Is there anyone who can defend this law? I am curious becuase it seems so obviously defective from a statutory, constitutional, and public policy point of view.
How is taping the police "disrupting" them? Lot's of times they tape themselves (and then Volokh readers watch the video on youtube and debate their tactics).
We will address the more narrow issue of whether the tape recording made by a victim of his own murder must be excluded from evidence pursuant to chapter 934. ... We hold that under the circumstances of this case the subject tape recording does not fall within the statutory proscription of chapter 934.
Inciarrano went to the office of the victim and murdered him. The conversation between the victim and Inciarrano regarding a business deal in which the victim no longer wanted a part, the sound of a gun being cocked, five shots being fired by Inciarrano, several groans by the victim, the gushing of blood, and the victim falling from his chair to the floor were recorded on a tape found by the investigating officer in the victim's desk.
[...]
The district court, in the present case, correctly stated:
447 So.2d at 389.
Accordingly, we hold that because Inciarrano had no reasonable expectation of privacy, the exclusionary rule of section 934.06 does not apply.
State v. Inciarrano, 473 So.2d 1272 (Fla. 1985).
And Tony Tutins... Um, do you really need to even ask that question? "Some animals are more equal than others."
As to the second point, bizarrely enough, the statue appears to apply only to recordings that include sound. I am not aware of any attempt to apply it when there are only silent pictures that are being taken.
Well you might ask wny the statute does not apply to television stations who constantly record public events without getting explicit permission from everyone present. The answer is -- no one knows.
As I get older, I find I like to have automation help me remember, esp. in situations where the youngsters I'm working with have photographic memories. Imagine age discrimination in conflict with prohibitions of action, rather than use (of a given technology).
I suspect we could look to the courts to protect by denying submission of evidence of this character.
The funny thing that occurred to me is that it is unlawful to have an "intercepting device," defined as an apparatus which is capable of ... amplifying ... an oral communication. Thus, it is possible that all those elderly with hearing aids are nefarious criminals.
(Although, they likely lack the with the intent to commit an "unlawful interception" and the speaker probably be deemed to have consented at any rate.)

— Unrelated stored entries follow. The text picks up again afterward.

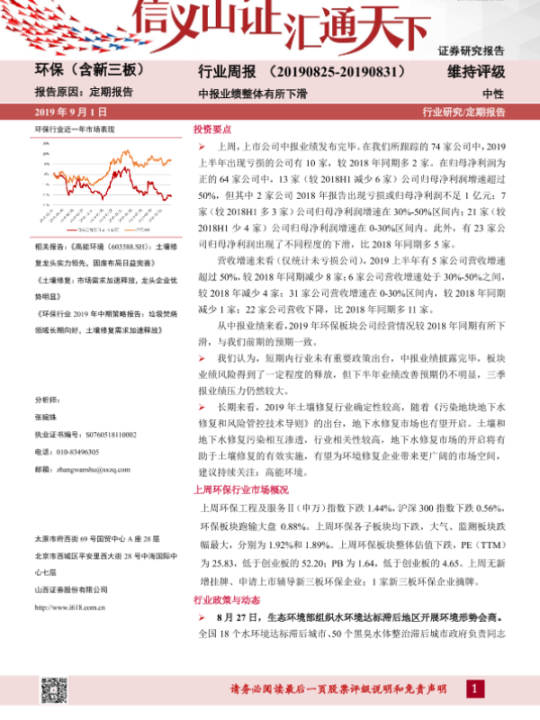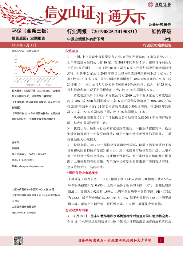 【山西证券】【20190901】环保(含新三板)行业周报:中报业绩整体有所下滑-14页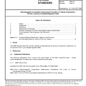 This SAE Standard specifies the test methods and procedures for vehicle components to determine the components immunity to radiated magnetic fields.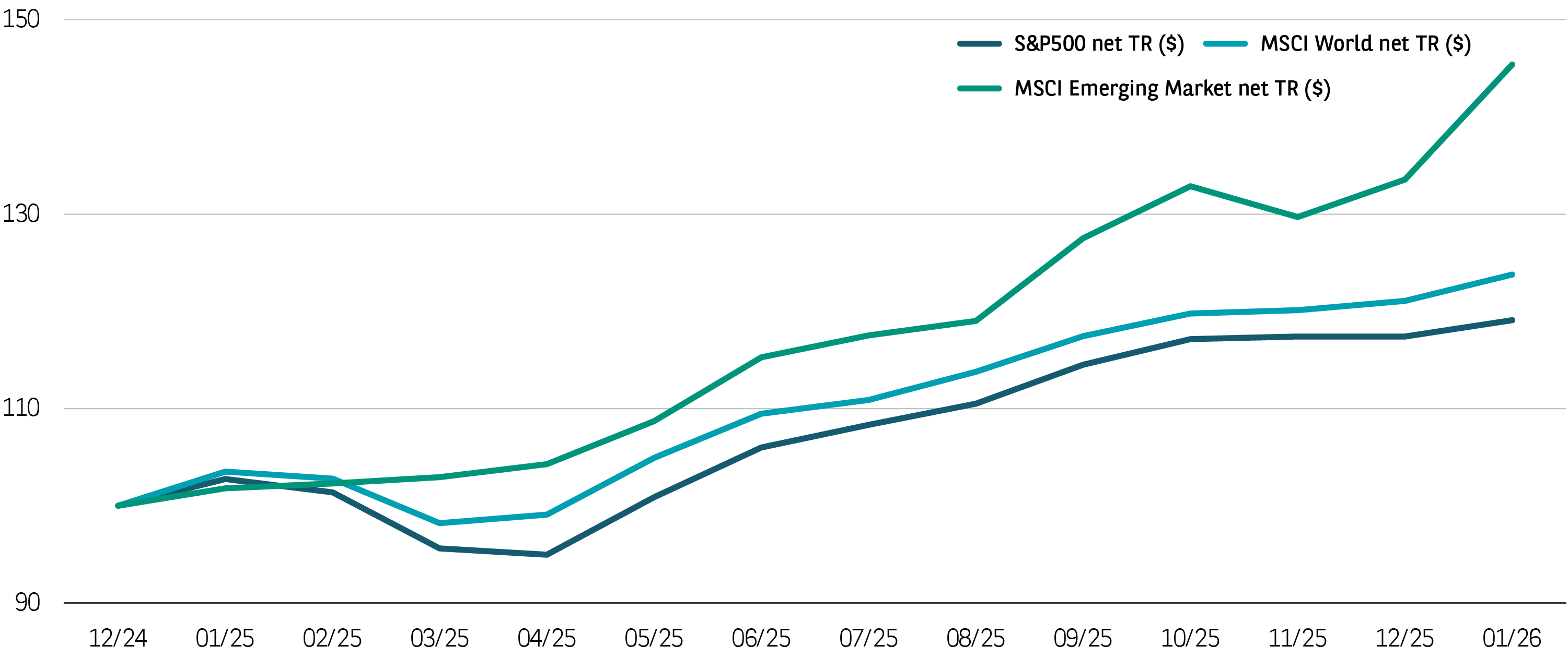 Source : Bloomberg, 19/02/2026, Indice (31/12/2024 = 100), rendement total net en US$
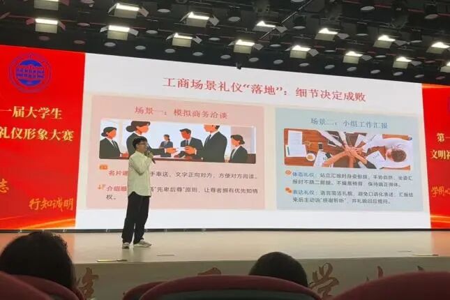 在团队展示环节,队员们以标准的礼仪站姿和坐姿亮相,瞬间吸引全场的目光;在微情景剧环节,队员们通过“模拟商务洽谈”与“模拟工作汇报”两个场景,将商务礼仪的规范与魅力诠释的淋漓尽致。从名片的规范递接到汇报时的得体表达,队员们凭借精准的肢体语言和专业的职业素养,赢得评委的广泛认可。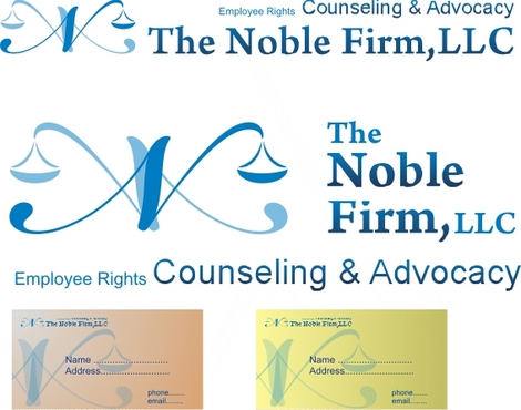 take a look at our current logo with the tagline "big firm skill, small firm service" on the top left of our current website: http://noblewrady.com/. I like that the actual logo symbol is out to the left and the firm name and tag line is a part of the entire picture, but located to the right side. I'm open to anything, but we choose this one out of hundreds from this site in a prior contest. I might very much like a new logo symbol with "The Noble Firm, LLC" next to it on the right (on top) and the tag line "Employee Rights Counseling & Advocacy" below it. The words "Employee Rights" might deserve a little special emphasis, as that's going to be the website name.
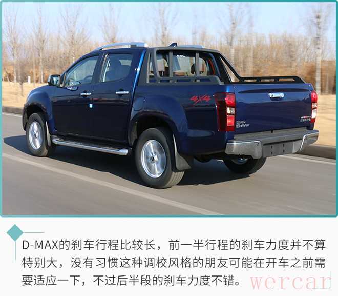 不夸张的说,D-MAX驾驶感受很像一款SUV车型,方向指向比较精准,方向盘的虚位并不大。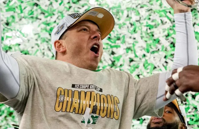 Os Saskatchewan Roughriders terminaram em primeiro lugar na classificação da Divisão Oeste em 2025 com um recorde de 12-6, terminando em primeiro na Divisão Oeste pela primeira vez desde 2019. A equipe derrotou o Montreal Alouettes na 112ª Grey Cup em Winnipeg, marcando o primeiro campeonato da equipe em 12 anos. Trevor Harris foi 11-5 como titular, arremessando 4.549 jardas, 24 touchdowns e 11 interceptações.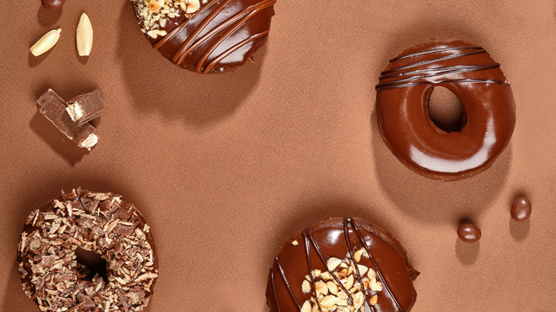 The “Chocomania” collection features the “Choco Kitkat”, a doughnut ring with a smooth butter cheese filling topped with crushed Kit Kat; the “Peanut Buttercream Choco” with a peanut butter filling and a topping of chopped peanuts; the “Choco Hazelnut”, a doughnut with the intense flavour of hazelnut and topped with peanuts; and the “Choco Filled Ring Overload”, a ring doughnut packed with a premium chocolate filling.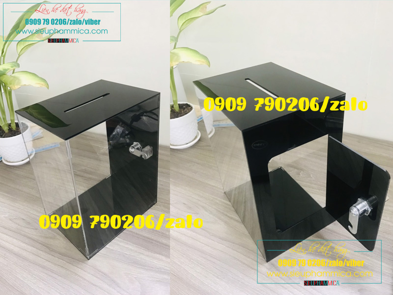 Hòm phiếu mica, thùng phiếu bốc thăm là sản phẩm được làm từ mica Đài Loan, được chế tác thành dạng hộp có đế dùng để bỏ phiếu thông tin, bầu cử, thăm may mắn,… vào bên trong.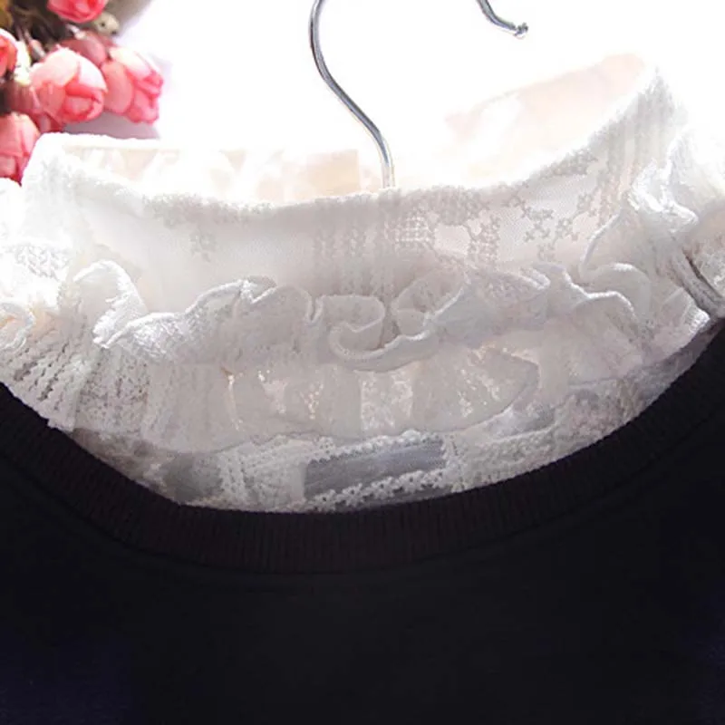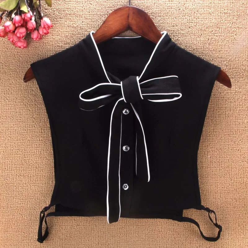 Buy Now White Lace Pleated Lace And Black White Edge Bow Stand Collar Fake Blouse women's Clothing Accessories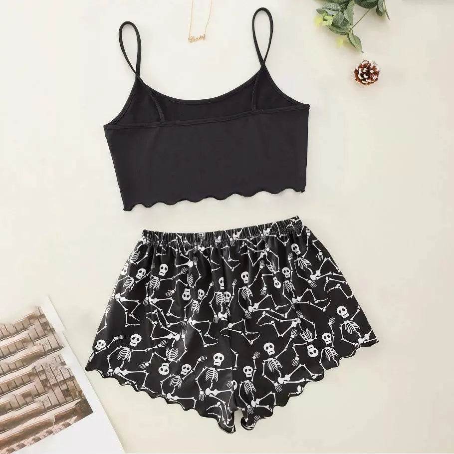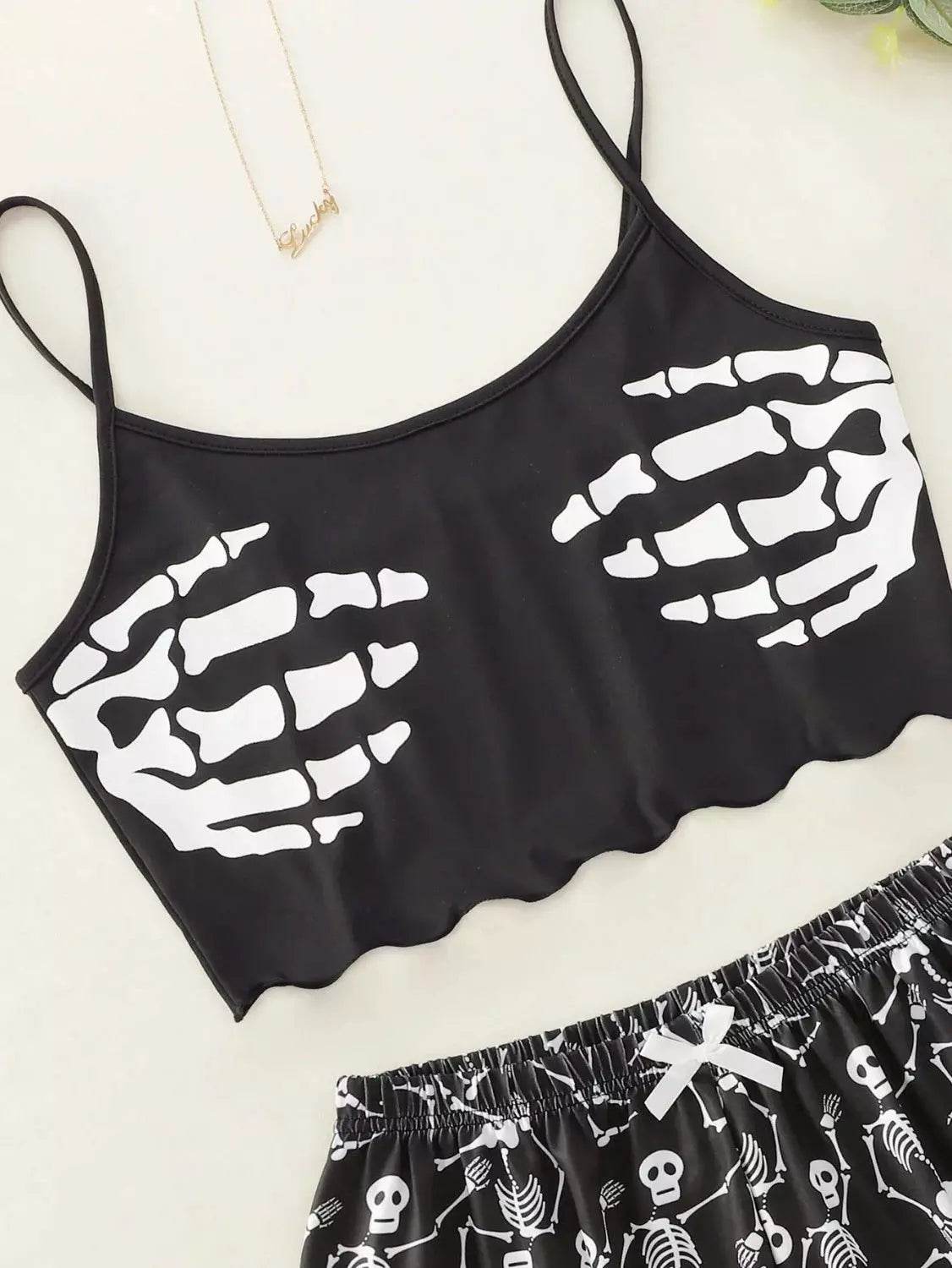 Get ready to embrace the Halloween spirit with our Women's Halloween Sleeveless Crop Pajama Set. Perfect for those warm summer nights, this set combines comfort and style with a playful Gothic flair. The sleeveless crop top features delicate spaghetti straps and a striking skeleton hand design, adding a touch of spooky fun to your nighttime routine.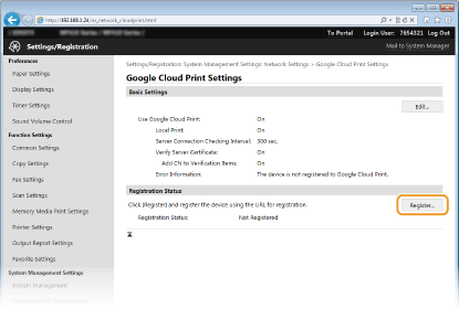 Kliknite vezu URL-a prikazanog u odjeljku [URL for Registration].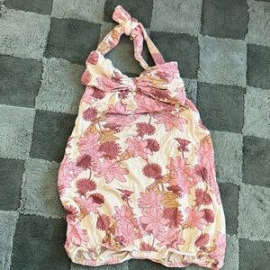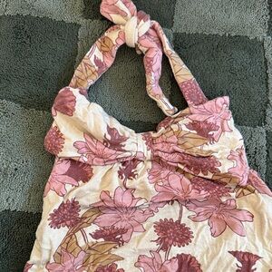 Charming one piece with pink floral design. Features a bow and halter neck.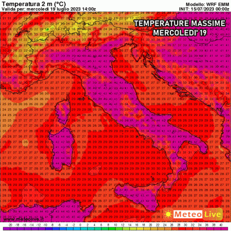 Mercoledì 19 Luglio: caldo esagerato da nord a sud. Punte di oltre 40°C al nord, fino a 42-44°C nelle zone interne del sud e delle isole. Possibili 45°C in Sardegna e Puglia settentrionale. Afa pesante e insopportabile di sera.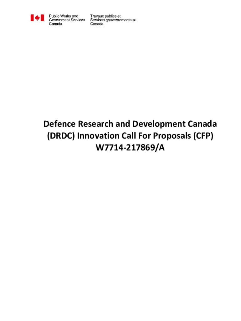 Defense Research and Development Canada (DRC) Innovation Call For Proposals (CFP) W7714217869/Solicitation No. N de l\'invitational. No. N de la modify. W7714217869/A Client Ref. No. N de RF. Du clientW7714217869Buyer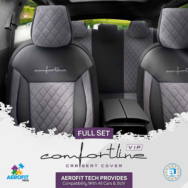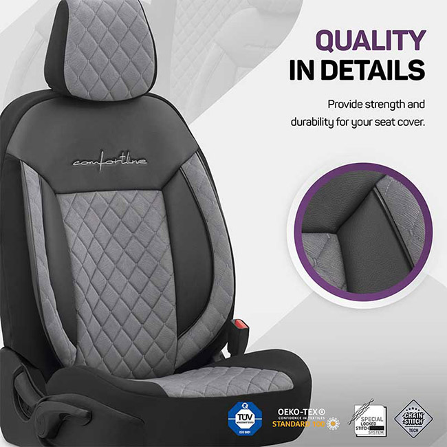 Καλύμματα Αυτοκινήτου Otom Comfortline VIP Design Universal Sued / Rachel / Δερματίνη Καπιτονέ Σετ Εμπρός / Πίσω Μαύρο - Γκρι CMV-233 11 Τεμάχια

(To be clear, I'm not contending that said unions have squelched an amendment effort, because I'm not aware that there's been any such effort. Nor would I fault the unions for saying that they opposed amendment, if that proposal were made: it would arguably be malfeasance on the part of the union leadership to say otherwise.)
The funny thing that occurred to me is that it is unlawful to have an "intercepting device," defined as an apparatus which is capable of ... amplifying ... an oral communication. Thus, it is possible that all those elderly with hearing aids are nefarious criminals.
That's not correct:MGL 272-99(B)(3) (emphasis added).
If the privelige only dissolves with the sound of gunfire, can the DA only play what occurs after the guy is shot? Doesn't seem to be that useful of a ruling if so.
I does say that "The term 'interception' means to ... secretly record." However, secretly recording and recording without consent are different things.
Anyone know where the issue of "consent" came from if its not in the statute. Perhaps the courts have construed "secretly" to mean "without consent" ...?
Why not just post the video to You-Tube and then claim press freedom? I can't imagine that the police whoudl have any basis for arresting a news crew filming (and audio recording) the arrest. In this age of citizen journalism, record anything in public that you want, post it on You-Tube and you've got your free pass.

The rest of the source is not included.